Hi. This is Jerry Lerner, developer of the Complicated Pain RecoveryTM treatment model. I’ve been working on this since the early 1990s and putting it into practice in a variety of outpatient and inpatient settings. Complicated Pain Recovery is based on the concept that there are four major categories of complicating factors which interfere with the normal healing and recovery of individuals experiencing painful conditions. If any one of the four categories is not addressed, the individual will remain stuck. Just like a combination lock, all four tumblers have to be in the correct position in order for the painful condition to unlock. This unlocking typically results in decreased levels of pain, improved coping with unavoidable pain, and a sense of the individual being able to return to living their life again in a fulfilling and meaningful way.

My mission at this point is to share this conceptual model and its practical applications with mental health and medical professionals of all sorts who are involved with caring for and helping individuals in pain. Unfortunately pain management is being held hostage by a business model which overemphasizes invasive procedures and overuse of opiate medications. This can only change if there are adequate numbers of professionals who are trained and prepared to provide a holistic, integrative approach to resolving chronic pain.

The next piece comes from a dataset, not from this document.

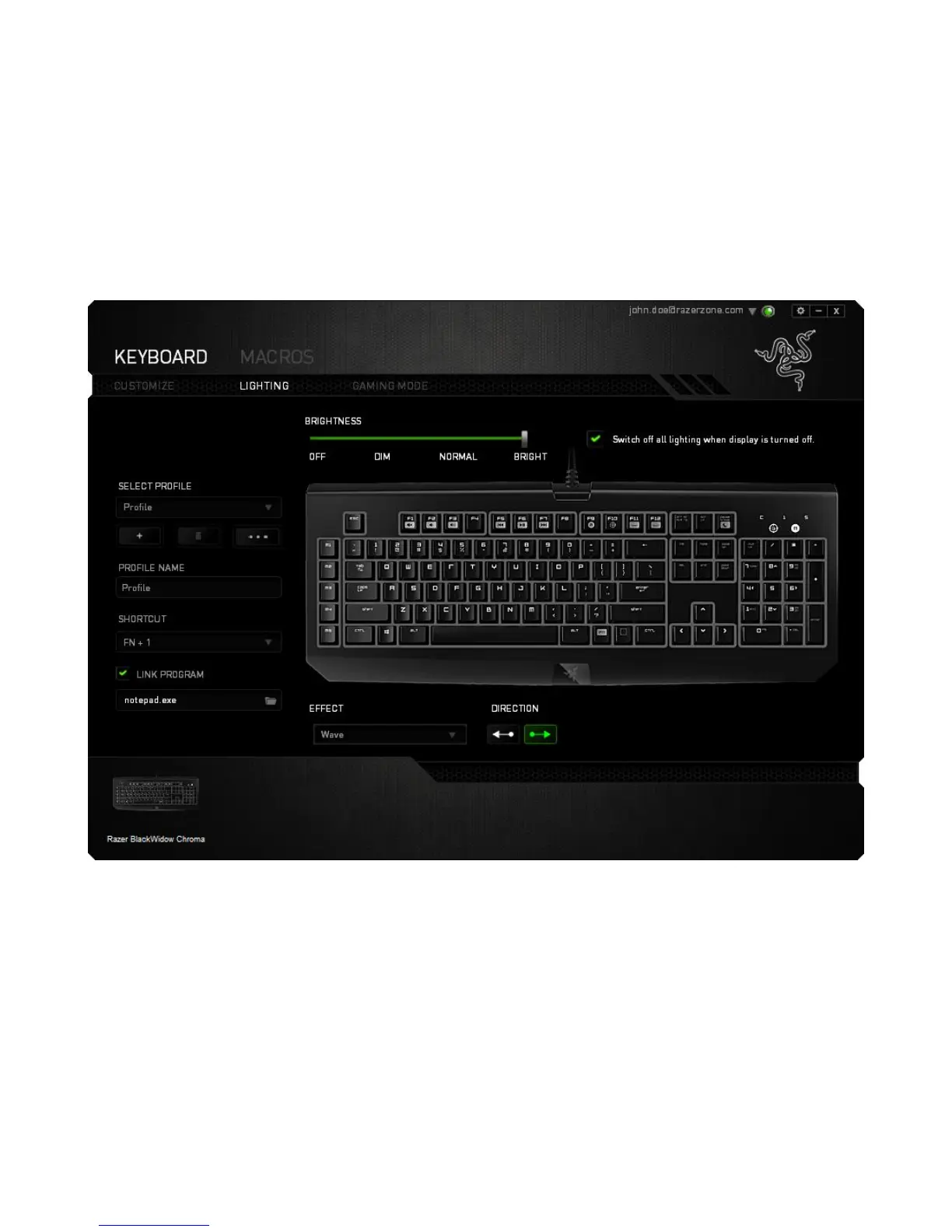 or select pre-loaded lighting effects to be applied to the entire keyboard. You can also

Please contact me at LernerMD@ComplicatedPain.com if you would like to participate in upcoming workshops, become certified as a Complicated Pain Recovery Coach, or have your facility or clinic trained to provide a certified Complicated Pain Recovery program.

Jerry Lerner, MD

Compaire Consulting presents:

The presence of pain is often a major contributory factor in the development and persistence of substance abuse and addiction, and always complicates any effort toward recovery. Pain can result in co-occurring mood disorders as well as be an expression of depression, anxiety and trauma.

The presence of persistent pain with it’s accompanying impairment and dysfunction has been labeled “chronic pain syndrome” in conventional medical and psychological jargon, and the accompanying “chronic pain management” treatment approach has done little to alleviate suffering or address the risk of substance abuse and addiction.

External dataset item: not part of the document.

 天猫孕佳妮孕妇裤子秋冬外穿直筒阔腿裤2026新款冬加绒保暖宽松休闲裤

Now following a quarter century of trans-disciplinary studies in pain, physical rehabilitation, addiction recovery, psychology, trauma and wellness coaching comes Complicated Pain RecoveryTM. Developed by Jerome A Lerner, MD, former medical director for the Center for Integrative Pain and Rehab, Performance Enhancement Pain Management & Rehabilitation Clinic, and prior chief of pain medicine and medical director at internationally renown Sierra Tucson hospital and residential facility, Complicated Pain RecoveryTM is the revolutionary new model of care designed to resolve the entanglement of physical, psychological, biochemical, and attitudinal factors which inhibit the natural potential for healing and well being,

Dr. Lerner coined the term “complicated pain” in the early 1990s after observing that there were certain common patterns of complicating and perpetuating factors in those people suffering with pain who did not respond to good and appropriate treatment. Dr. Lerner embarked on a multi-decade exploration of these complicating factors, how they interplayed off each other, and how to unlock this pattern so that individuals could restore their resilience and progress toward natural healing and recovery.